Thanks for pointing me to #1785. I’ll test with transcode_via_sln = no and genericplc = false and report back.

However, I believe my issue is different. #1785 is about garbled audio from transcoding path corruption — it happens at any call volume and is constant. My issue is lag/choppy audio that only appears at 90+ concurrent calls and is load-dependent. At 30-50 calls, audio is perfectly clean.

My debugging shows:

  • Audio reaches Asterisk on time (zero WebSocket backpressure)

  • XOFF/XON cycling works correctly (~2030ms matches the 100-frame gap between XOFF at 900 and XON at 800)
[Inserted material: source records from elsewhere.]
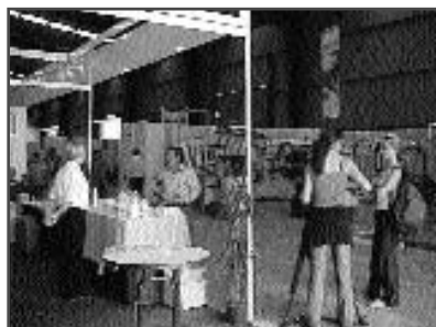
Medios de comunicación en Caprisur 2001

Guadalhorce se considera del mismo modo prioritario informar a la población e instituciones de fuera de la comarca de todas aquellas acciones que, desde el punto de vista del desarrollo rural, se dan en la comarca, así como de todos los aspectos que puedan llevar la comarca del Guadalhorce a los lugares más dispares.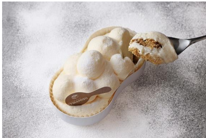
＜ホワイトティラミスラテ＞

この度、初出店となる『シーキューブ TIRAMISÙ』は、シーキューブ（※1）創業時からの看板商品である「ティラミス」にフォーカスをあてた、カジュアルユースでありながら本格的な味や香りにこだわったティラミス専門店です。口溶けの良いエアリーなクリームが特徴的な「ホワイトティラミスラテ」や気軽にティラミスを楽しめる「ひとくちティラミスタルト」、手土産にぴったりな焼き菓子「ティラミス ラング・ド・シャ」などの東京ギフトパレットでしか味わえない限定スイーツのほか、シーキューブのロングセラー商品「焼きティラミス」などを取り揃えて、様々なティラミスの味や香り、製法、形状、召し上がり方を提案します。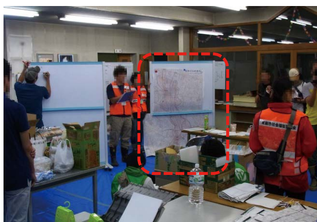
図 15 災害 VC の活動計画に利用(運営スタッフ) Fig. 15 Collected information is used for a disaster VC's activity plan (operation staff).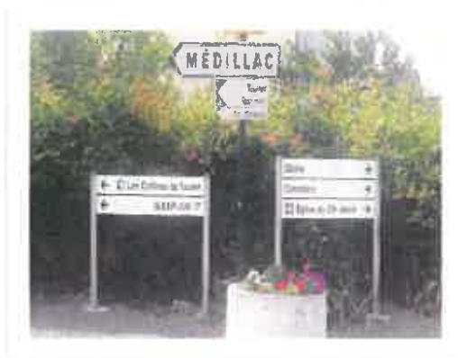
Carrefour du bourg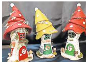
■ 1. Platz: Anja Schade (Hannover) 10,7 Prozent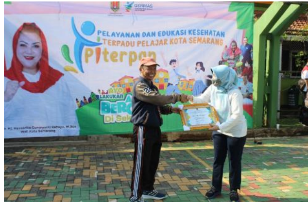
Gambar 2.4. Program Inovasi PITERPAN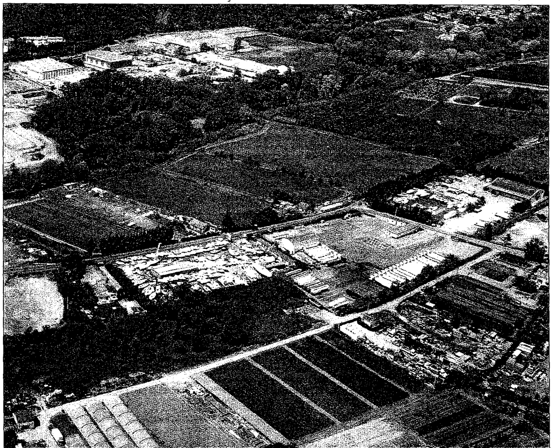
Les communes du Sivades ont refusé de lancer le projet d'un centre de compostage et d'un incinérateur sur les terrains initialement prévus à La Roquette-sur-Siagne.

Le prix ? Trois millions d'euros par an de surcoût, un non-sens que dénonce par ailleurs la Chambre de commerce : « cette situation représente près de vingt camions par jour, des émissions de CO 2 et une dépendance avec les Bouches-du-Rhône qui peuvent refuser les

  • During XOFF, 800+ frames (16 sec) still sit in the buffer — the phone should never starve

  • Task processors show 0 queue depth

Could the internal frame timer thread become a bottleneck at 90+ chan_websocket channels? With 90 channels × 50 frames/sec = 4500 frame pops/second, could timing drift cause uneven RTP delivery under this load?

No, you should really just test the release candidate. The change itself has to do with the internal switching of codecs. It is good to eliminate it as a factor, instead of potentially chasing something that was already resolved just in case.

It is unlikely. You can see if timing is affected on the system in general using the “timing test” CLI command.

You can measure this with a packet capture.